# Discussing topics I don't care about



## ook (Jan 1, 2013)

So my wife is quite passionate about some things. Stuff like minute details about how organisations should operate. 

I really don't care much about these and really struggle to be interested when she want to talk about them... Which is all the time because she is running an organization. I'm happy to hear about them but don't really need the details. 

Where it all goes wrong is when I try to make conversation by saying how I feel about something. If she disagrees with me then it be ones her mission to persuade me that I'm wrong. This leads to in depth discussions which bores me intensely. 

Is the only way to avoid these just agreeing with her all the time? Surely not.

How can I get her to just agree to disagree and move on. Like I say she is very passionate about these and she does love debating..


----------



## Mavash. (Jan 26, 2012)

Ah she's a right fighter. I used to be one and those can kill intimacy. Nobody wants to debate with their spouse all the time. It's annoying.

Would your wife go to marriage counseling to work on improving communication? That's where I learned to stop this awful habit.


----------



## Blondilocks (Jul 4, 2013)

There is nothing wrong with telling your wife that you are not as invested in this subject as she. Suggest a time limit or a particular day of the week when she can expound - keep your opinions to yourself if you want to get out of class early.


----------



## Cosmos (May 4, 2012)

I'm interested in many topics that my SO isn't interested in, and he loves to talk about his work in minute detail (programming) which I'm not terribly interested in either. However, we both try to listen to one another and then move on to a topic of mutual interest. Any chance of you doing this with your W? 

I agree with Mavash, though, if she wants to debate and thrash to death every topic that comes up, perhaps communication counseling is the answer. Nothing worse for romance than continually being at loggerheads...


----------



## Theseus (Feb 22, 2013)

Mavash. said:


> Ah she's a right fighter. I used to be one and those can kill intimacy. Nobody wants to debate with their spouse all the time. It's annoying.
> 
> Would your wife go to marriage counseling to work on improving communication? That's where I learned to stop this awful habit.

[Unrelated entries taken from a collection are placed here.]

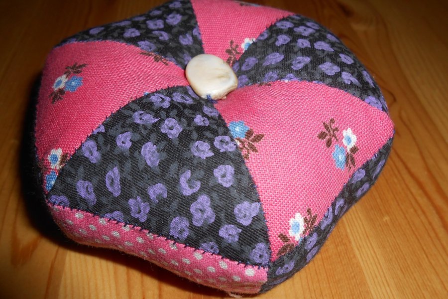 Handsydd nåldyna i bomullstyg.
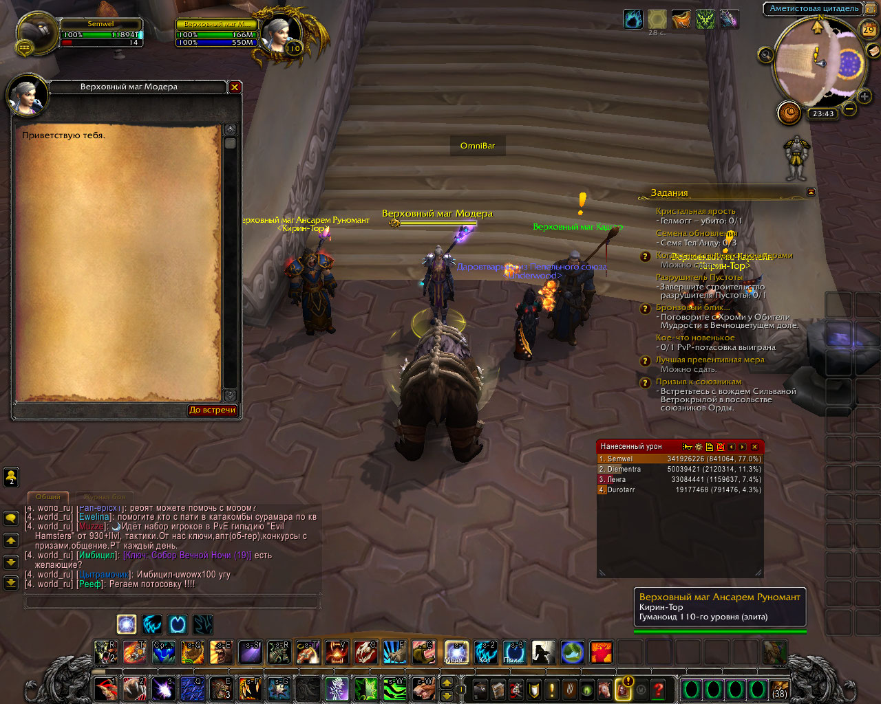 | Description | 1)ник-Semwel 2)класс-Друид 3)описание-У меня нету квестовой цепочки на Дар шестерых для башни магов на спек Страж,на ферала уже сделал,а на танке не могу потому что нету квеста в даларане. | ||||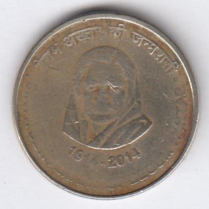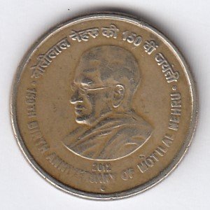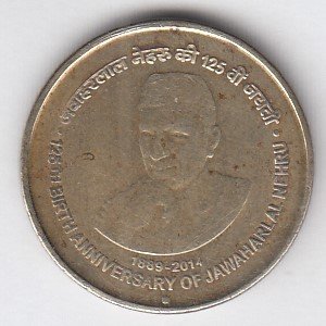 RIC124 ~ 5 RUPEES ~ 2014 ~ JAWAHAR LAL NEHRU ~ COMMEMORATIVE COIN ~ MUMBAI MINT

Now you just do it on TAM instead!

(Says the pot calling the kettle black... )


----------



## ook (Jan 1, 2013)

Well there are probably all sorts of issues we should go to counselling about and we talk about it but never get round to it. Plus it can get quite expensive and we are seriously skint..

Interestingly she would say that I'm the argumentative one, always disagreeing with her point of view, but then not wanting to talk about it fully to resolve it. It is probably a bit of both, but the core issue is that I just have better things to do than talk about the same subjects over and over. 

I am happy to talk about stuff obviously, but I do like a bit of variety in my conversation. I am coincidentally also a programmer and I do enjoy talking about programming. But I just wouldn't even bother bringing it up with her in any detail because she just glazes over. Then she quickly moves back to talking about herself and the same old issues again.


----------



## ook (Jan 1, 2013)

*Re: Re: Discussing topics I don't care about*



Blondilocks said:


> There is nothing wrong with telling your wife that you are not as invested in this subject as she. Suggest a time limit or a particular day of the week when she can expound - keep your opinions to yourself if you want to get out of class early.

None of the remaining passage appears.